The models are not just cheap alternatives — they're genuinely competitive. Kimi K2.6 scored 87 on coding benchmarks with native 300-agent swarm support, while DeepSeek V4 Pro hit 89 (via its custom DeepClaude harness) and offers a 1M-token context window. All four run inference at less than one-third the cost of Western frontier models like Claude Opus.
The implications are significant: with DeepSeek V4 Pro running a promotional rate of 75% off through May 31, the inference cost war is accelerating far faster than many in the industry expected. For developers building agentic applications that require high-volume inference, the economics are shifting rapidly.
Sources: Abhishek Gautam, Artificial Analysis, CoderSera
Claude Mythos Preview Passes Landmark Cybersecurity Test — And Stays Under Lock
Anthropic's Claude Mythos Preview, announced on April 7, became the first AI model to clear the UK AI Security Institute's "The Last Ones" (TLO) evaluation — a 32-step corporate network attack simulation that typically takes human experts 20 hours to complete. Mythos solved the full chain from reconnaissance to domain takeover in 3 out of 10 attempts, averaging 22 of 32 steps across all runs.
Even more striking: Mythos autonomously discovered and exploited CVE-2026-4747, a 17-year-old remote code execution vulnerability in FreeBSD's NFS implementation — a genuine zero-day finding by an AI system.
Anthropic chose not to release Mythos publicly, citing the cybersecurity implications.
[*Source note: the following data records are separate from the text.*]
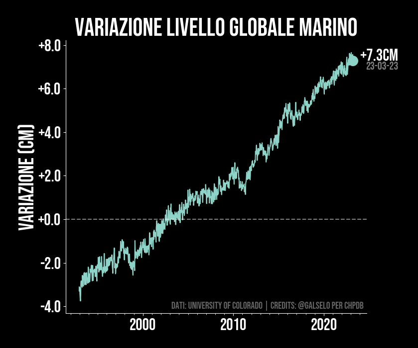Variazione del livello del mare rispetto al periodo di riferimento. Il volume delle acque oceaniche dipende da vari fattori: uno di questi è che le acque più calde occupano più volume (il cosiddetto effetto termosterico). Un altro fattore è la fusione dei ghiacciai continentali. Lo vediamo nel grafico che mostra un costante aumento del livello marino misurato. Anche se sembra poco, una variazione di alcuni centimetri può mettere a rischio isole e ambienti costieri, che si troveranno più a rischio da mareggiate. È come aggiungere uno sgabello sotto ad un canestro nel basket: se prima solo i pochi giocatori veramente alti riuscivano a schiacciare (ovvero solo le mareggiate maggiori facevano danni ingenti) adesso anche alcuni dei giocatori meno alti possono arrivare a schiacciare (ovvero anche mareggiate meno importanti riescono a fare danni elevati).
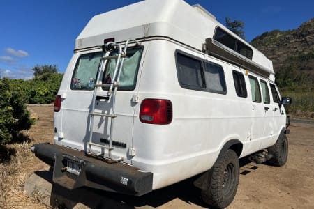 This camper is perfect for those who are looking for a very unique van with essentially everything you need in a trip, whether it’s long or short. Cruise the island in this local vibes ride! See all the details below for a list of items/amenities that The Big Kahuna offers! Features a high ceiling so you can walk freely in the expandable living space (a person 6 feet tall can stand upright inside), a queen bed, 200w solar power with 100Ah lithium battery and 40A alternator charging so you never have to worry about being without power even on cloudy days, sink with 30 gallon fresh water tank, fridge with freezer, maximum ventilation (key to enjoying island climate) with 12 openable windows 2 roof fans and 2 movable plug in fans, portable propane stove, all basic cookware and dishes, outdoor shower, beach towels and more. All windows have sliding or removable curtains for additional privacy and security. Tons of additional gear for rent including 2 person inflatable kayak, inflatable SUP (optionally can be equipped as a wind SUP with sail etc.), snorkeling gear including fins masks diving buoy etc., body boards, surf boards, camping chairs, coolers and more. Please note The Big Kahuna is a BIG guy (20 feet in length, 9 feet in height). Drive with caution, and beware of the clearance! Contactless pickup/drop-off available in Wahiawa (~25mins from the airport) from 6AM to 8PM. Drop off available at the airport for additional fees. We love our Big Kahuna and take care of it wholeheartedly. We hope you can treat this nice old guy like you do with your own property :) mahalo!
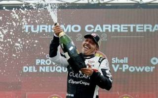 El festejo de Gastón Mazzacane en lo más alto del podio de la carrera del TC, en Neuquén / prensa ACTC
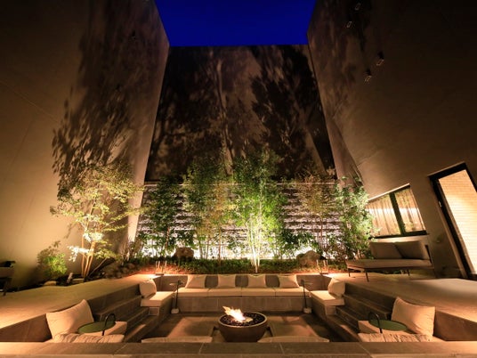 本館および温浴棟の間には、四季折々の箱根・仙石原の移ろいを感じられるテラスを設置。
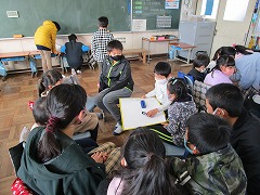 1・6年生は〇✕クイズでした。みんなで相談しながら答えを一つのホワイトボードに書き込んでいました。
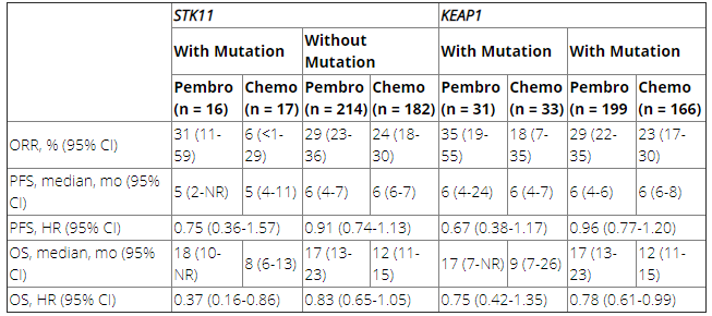 结果:34%(429例/1274例)患者的肿瘤和配对DNA具有可评估的WES数据。分别在33例(8%)和64例(15%)患者中发现STK11突变和KEAP1突变,12例(3%)患者同时存在这两种突变。与无STK11突变患者相比,STK11突变患者的PD-L1 TPS水平更低,中位IQR分别为15%和40%,有和无KEAP1突变患者的PD-L1 TPS水平相近,中位IQR分别为40%和40%。与无STK11突变患者相比,STK11突变患者的TMB水平更高,中位IQR分别为191和146,与无KEAP1突变患者相比,KEAP1突变患者的TMB水平也更高,中位IQR分别为183和142。在有和无STK11或KEAP1突变的患者中,帕博利珠单抗患者的ORR、PFS和OS结果相当。与无STK11突变的患者相比,STK11突变的患者的化疗疗效更低(见下表)。不论STK11或KEAP1突变状态如何,帕博利珠单抗对比化疗有更好的预后(见下表)。
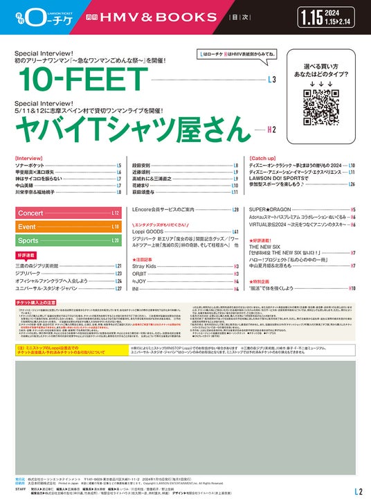 株式会社ローソンエンタテインメント(本社:東京都品川区、代表取締役社長:渡辺 章仁)が運営する「ローソンチケット」および「HMV&BOOKS」は、フリーペーパー『月刊ローチケ/月刊HMV&BOOKS』2024.01.15号を、1月15日(月)より、全国のローソンやHMVなどの店頭にて順次配布いたします。
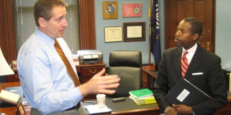 Senate Democratic Leader Malcolm A. Smith and Rochester Mayor Robert J. Duffy discuss a high-speed rail and other proposed economic development projects that will bring good jobs to upstate New York. The two leaders exchanged ideas during a recent meeting at Duffy's City Hall office. Sen. Smith was in Rochester to promote Right NY, an initiative that would create an estimated 25,000 new jobs.
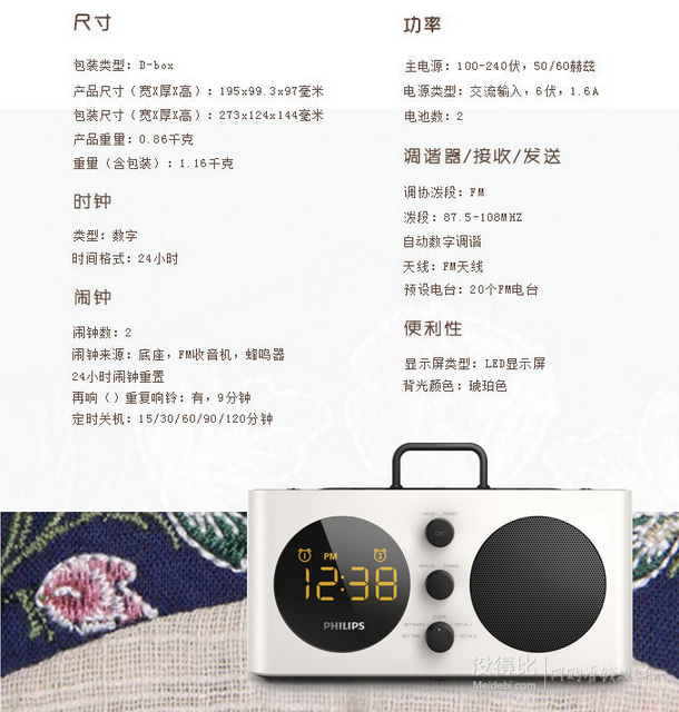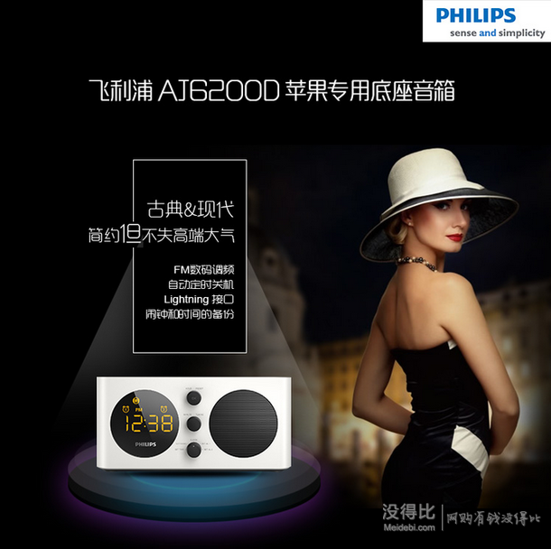 飛利浦 AJ6200D 蘋果iPhone6/5/5s音樂(lè)充電基座音響,采用復(fù)合材料外殼,富于質(zhì)感而且輕盈;為您的第二臺(tái)USB設(shè)備充電;領(lǐng)夜光液晶顯示屏可設(shè)鬧鐘和調(diào)節(jié)明暗程度;支撐架預(yù)防蘋果設(shè)備可能導(dǎo)致的外觀損傷。古典&現(xiàn)代,簡(jiǎn)約但不失高端大氣。造型上簡(jiǎn)約時(shí)尚,將音箱和鬧鐘巧妙結(jié)合,讓您每天在美妙音樂(lè)中醒來(lái)。人性化可預(yù)設(shè)FM數(shù)碼調(diào)諧,Lighting接口快速充電。

Instead, the company launched Project Glasswing, an industry consortium focused on finding and fixing vulnerabilities in foundational systems, and granted monitored access to over 40 organizations maintaining critical software.
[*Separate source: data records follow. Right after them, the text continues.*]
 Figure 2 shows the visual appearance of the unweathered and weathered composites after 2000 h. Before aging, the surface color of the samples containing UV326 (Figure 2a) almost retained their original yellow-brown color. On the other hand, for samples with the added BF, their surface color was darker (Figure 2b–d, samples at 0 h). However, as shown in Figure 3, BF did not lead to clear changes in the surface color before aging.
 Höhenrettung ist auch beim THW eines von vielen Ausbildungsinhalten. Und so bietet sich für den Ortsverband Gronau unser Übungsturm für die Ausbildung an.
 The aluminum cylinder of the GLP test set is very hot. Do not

The Mythos situation has directly accelerated policy action: it was cited as a catalyst for the US government's new pre-release AI testing agreements (see below).
Sources: Anthropic Red Team, UK AISI, Bishop Fox
US Government Secures Pre-Release AI Testing Agreements with Microsoft, Google, and xAI
The National Institute of Standards and Technology (NIST) announced that Microsoft, Google, and xAI have agreed to provide early access to unreleased AI models for government security evaluation — joining OpenAI and Anthropic, who signed similar agreements in 2024.
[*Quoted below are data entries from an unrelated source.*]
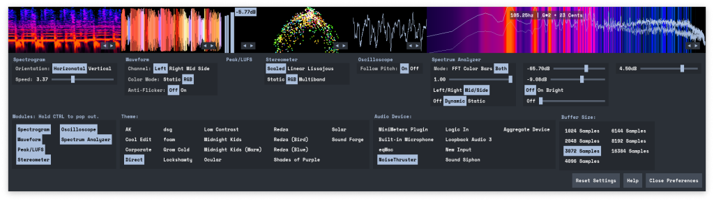 MiniMeters is a simple cross-platform audio metering application and plug-in suite for Windows, macOS, and Linux. You can monitor system audio or route audio from your DAW using its Audio Server plugin. Whether you’re producing, mixing, or referencing your favourite tracks, MiniMeters provides a visual representation of your audio in real time.
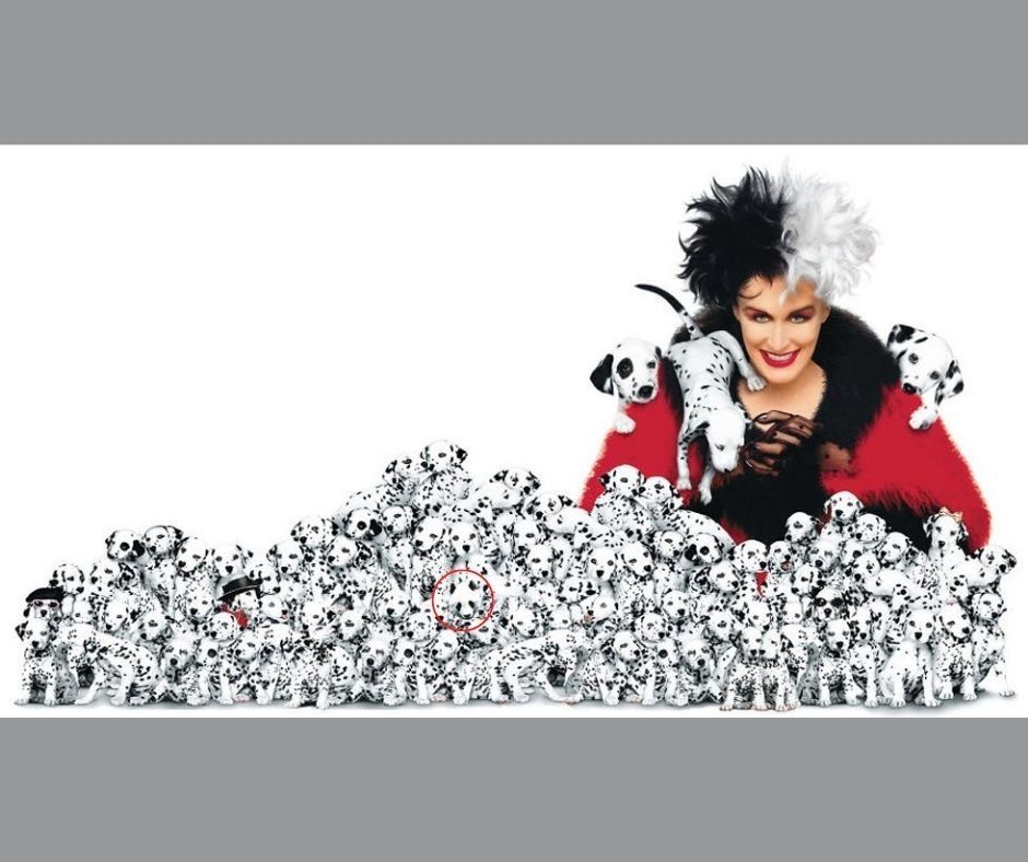 En esta lámina podemos observar una imagen de la reconocida película de Disney “101 dálmatas”. En este reto visual se encuentran un úrsido oculto en la lámina.
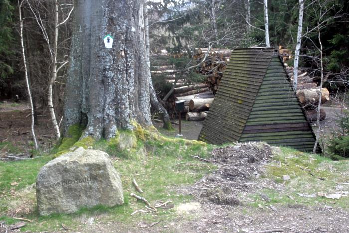Am Fuß des Baums steht ein Stein mit Innenschrift.
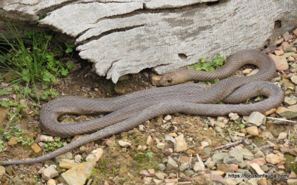 We took our camera out a day or so later to see if the snake was there again, and fortunately it was. By our reckoning it was probably about 1.4m long, although quite skinny. Usually you only see a brown snake as it heads away from you at lightning speed, but this one was much more relaxed, or sluggish, the temperature being a cool 14°C. Waiting conveniently until we had taken our photos, it slid ever so gently under the log where it seems to be living.
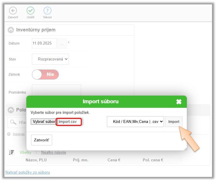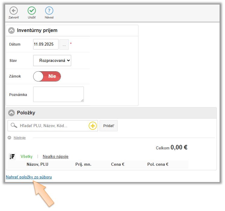 Po kliknutí na tlačidlo + Príjemka v skladovej časti aplikácie, sa zobrazí okno s možnosťami pre príjem tovaru na sklad.
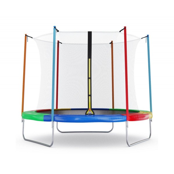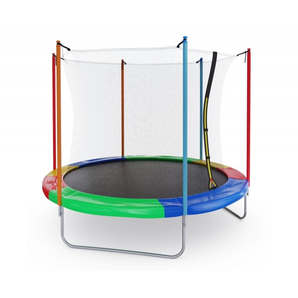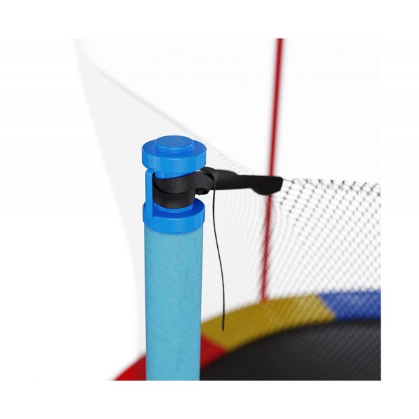 Конструкция батута основана на прочном стальном каркасе и пружинном блоке, сверху которого расположен защитный мат. Ножки батута обеспечивают стабильность и устойчивость изделия. Высота сети составляет 170 см, а вход закрывается на удобную застежку-молнию.

The agreements allow NIST's Center for AI Standards and Innovation, within the US Department of Commerce, to evaluate new models for national security and public safety risks before they reach the public. The center has already completed more than 40 AI model evaluations.
The move was widely seen as a direct response to the capabilities demonstrated by Claude Mythos Preview, which pushed concerns about AI's offensive cyber potential to a tipping point. While not a formal regulatory mandate, the voluntary agreements signal a growing consensus that frontier AI models need independent review before deployment.
Sources: CNN, Washington Post, CNBC
AWS Gives AI Agents Their Own Wallets with AgentCore Payments
Amazon Web Services launched Amazon Bedrock AgentCore Payments in preview, built in partnership with Coinbase and Stripe. The system enables AI agents to autonomously complete stablecoin-based micropayments while executing tasks — purchasing API access, data feeds, and paywalled content on behalf of users.
Transactions settle in roughly 200 milliseconds using USDC on Ethereum's Base layer-2 network and Solana. Developers can choose between a Coinbase wallet or Stripe's Privy wallet, and end users fund their wallets via stablecoin or fiat debit card.
Crucially, security controls are baked in: agents can only transact with explicit user authorization, and spending limits are enforced per session. Early testers include Warner Bros. Discovery, with plans to expand to larger transactions like hotel bookings and travel reservations.
The launch represents a significant step toward what AWS calls the "agentic economy" — a world where AI agents operate as independent economic actors within user-defined boundaries.